Requesting device clock failed

ad9371 spi32766.1: Requesting device clock 120000000 failed got 122880000

If you see something like this in your kernel startup messages (dmesg) this indicates that the clock chip distribution clock was not properly set. Check the AD9528 device tree properties.

Requesting [deframer|framer] lanerate failed

adrv9009 spi1.1: adrv9009_probe : enter
adrv9009 spi1.1: Request deframer lanerate 4800000 kHz failed (-22)
adrv9009 spi1.1: Request deframer lanerate 4800000 kHz failed (-22)
adrv9009: probe of spi1.1 failed with error -22 

Depending on the FPGA gigabit transceiver architecture GTX, GTH, GTY, etc. and the PLL used the VCO tuning ranges might not fit the requested rate. In this case ‘’Request [deframer|framer] lanerate” error is printed. And the driver probe errors with -EINVAL (-22).

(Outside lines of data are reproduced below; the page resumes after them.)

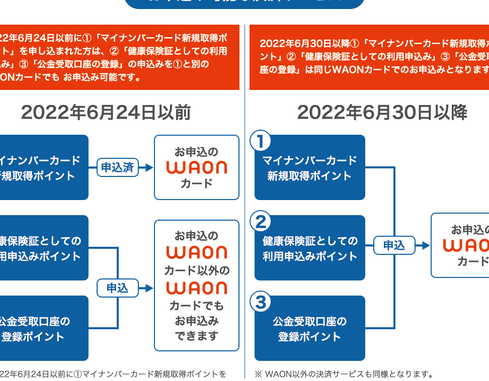 | マイナンバーカード5000ポイント waon | 指定された店舗 | マイナンバーカード登録後 |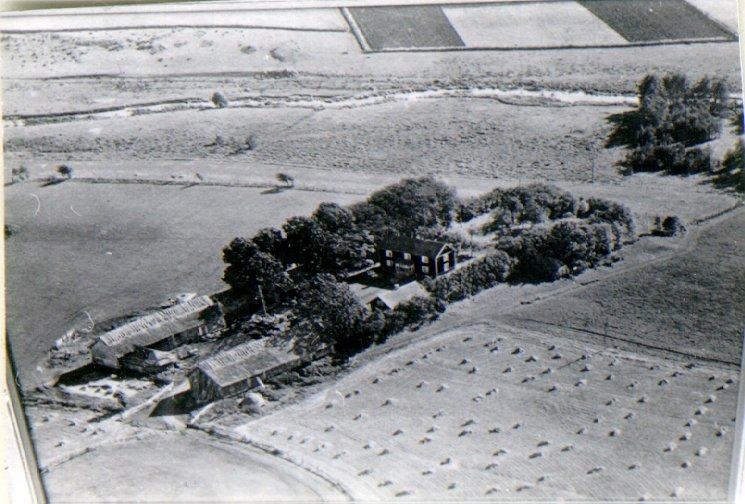 Abrahamsgården. Flygfoto över gården. Körhuset fanns då kvar vid östra loglängans norra gavel.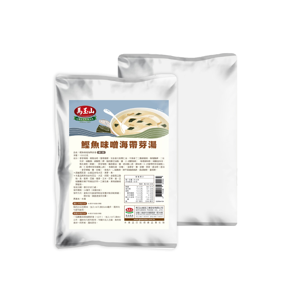 【馬玉山】鰹魚味噌海帶芽湯1kg(包) 沖泡/大包裝/台灣製造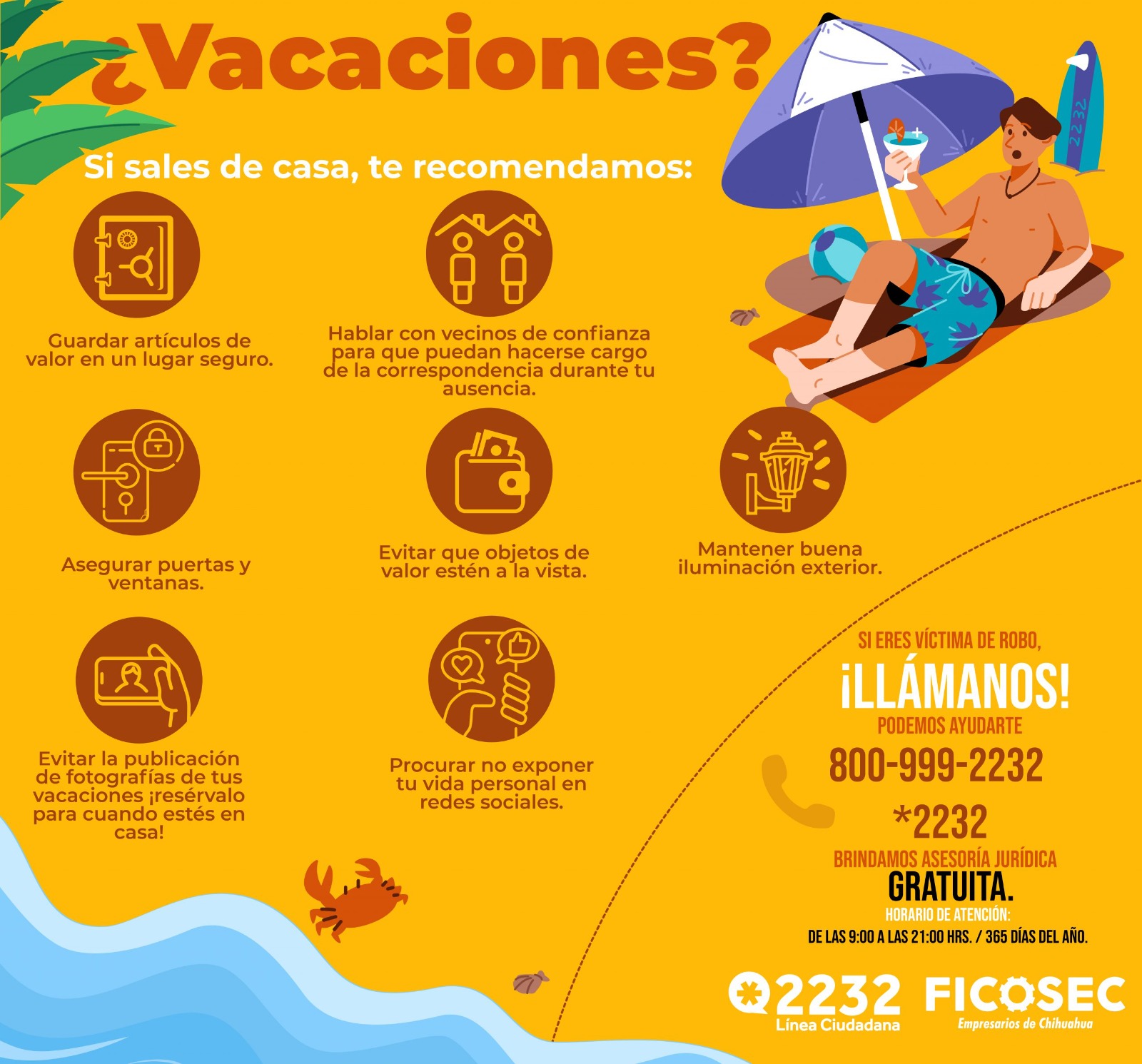 De ahí que FICOSEC por medio de su Línea Ciudadana *2232 promueva la denuncia ciudadana ante cualquier incidente durante la temporada vacacional, las familias eviten ser víctimas de robo a casa habitación u otros delitos, recomendando: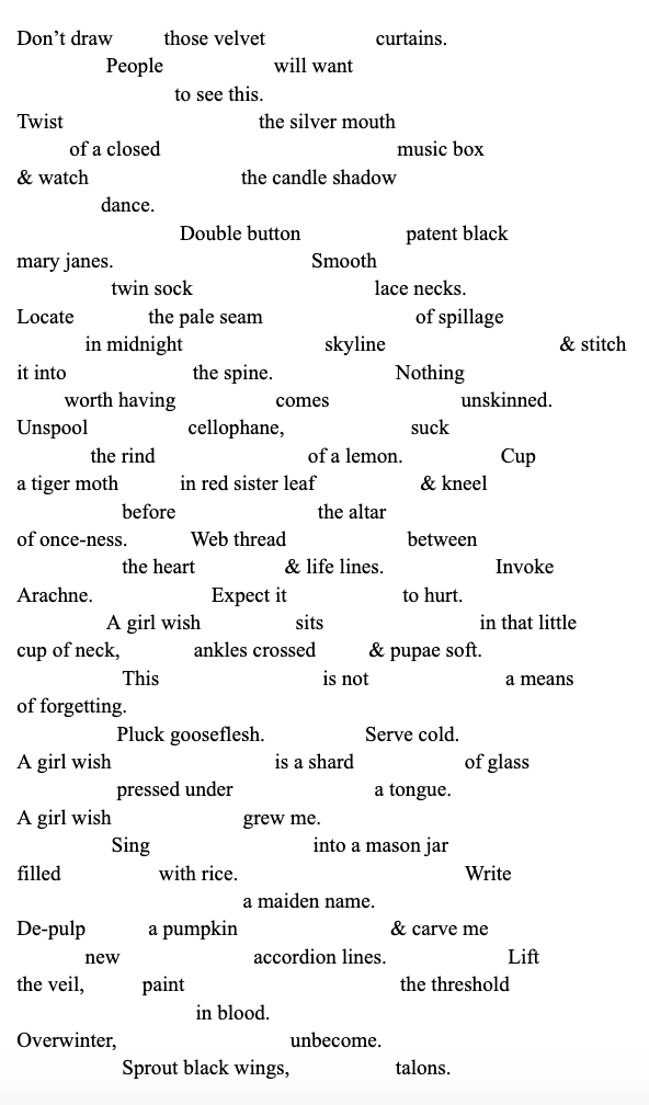 Amanda Gaines is an Appalachian writer with a Ph.D. in creative writing from Oklahoma State University. Her work has been published in Passages North, Cleaver, Potomac Review, Barrelhouse, Fugue, december, Witness, Southern Humanities Review, Willow Springs, Yemassee, Redivider, New Orleans Review, Southeast Review, The Southern Review, Juked, Rattle, Pleiades, SmokeLong Quarterly, Ninth Letter, and Superstition Review. She's currently a postdoctoral fellow at the University of Tennessee.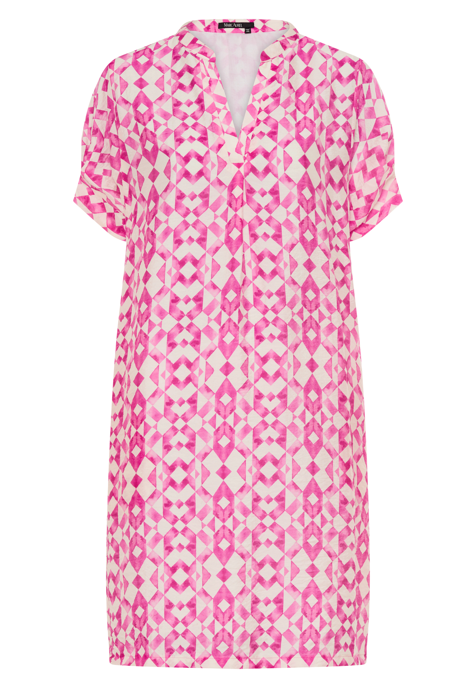 This dress, made from a soft modal blend, has a flowing and pleasantly light feel. The V-neckline and integrated lining ensure comfort, while pleats at the cuffs add a touch of refined sophistication to the design. Perfect for a stylish and modern look.

For example GTX QPLL actually have two none overlapping frequency bands with a hole in the middle. GTH and GTY do have two QPLLs with slightly different VCO min/max.

  • To avoid these issues increasing/decreasing the number of Lanes used can be useful.
  • Switching from QPLL0 to QPLL1 might help as well.
  • Or using CPLL for both links can help, but only in case both links require the same rate.
  • Sometimes the requested value is just a bit out of the specified range. Hacking the driver to exceed the limits might work, but is not recommended!
index e425c12..81e86e9 100644
--- a/drivers/iio/jesd204/xilinx_transceiver.c
+++ b/drivers/iio/jesd204/xilinx_transceiver.c
@@ -6,7 +6,7 @@
  * Licensed under the GPL-2.
  *
  */
-
+#define DEBUG
#include <linux/device.h>
#include <linux/fpga/adi-axi-common.h>
#include <linux/kernel.h>
@@ -408,7 +408,7 @@ int xilinx_xcvr_calc_qpll_config(struct xilinx_xcvr *xcvr,
                N = N_gtx2;
                vco0_min = 5930000;
                vco0_max = 8000000;
-               vco1_min = 9800000;
+               vco1_min = 9600000; /* FIXME: 9800000 */
                vco1_max = 12500000;
                break;
        case XILINX_XCVR_TYPE_US_GTH3:
@@ -424,10 +424,10 @@ int xilinx_xcvr_calc_qpll_config(struct xilinx_xcvr *xcvr,
                return -EINVAL;
        }
 
-       if (AXI_PCORE_VER_MAJOR(xcvr->version) > 0x10)
-               xilinx_xcvr_setup_qpll_vco_range(xcvr,
-                                                &vco0_min, &vco0_max,
-                                                &vco1_min, &vco1_max);
+//     if (AXI_PCORE_VER_MAJOR(xcvr->version) > 0x10)
+//             xilinx_xcvr_setup_qpll_vco_range(xcvr,
+//                                              &vco0_min, &vco0_max,
+//                                              &vco1_min, &vco1_max);
 
        for (m = 1; m <= 4; m++) {
                for (d = 1; d <= 16; d <<= 1) {

ARM Mailbox Busy. Command not executed in MYKONOS_sendArmCommand()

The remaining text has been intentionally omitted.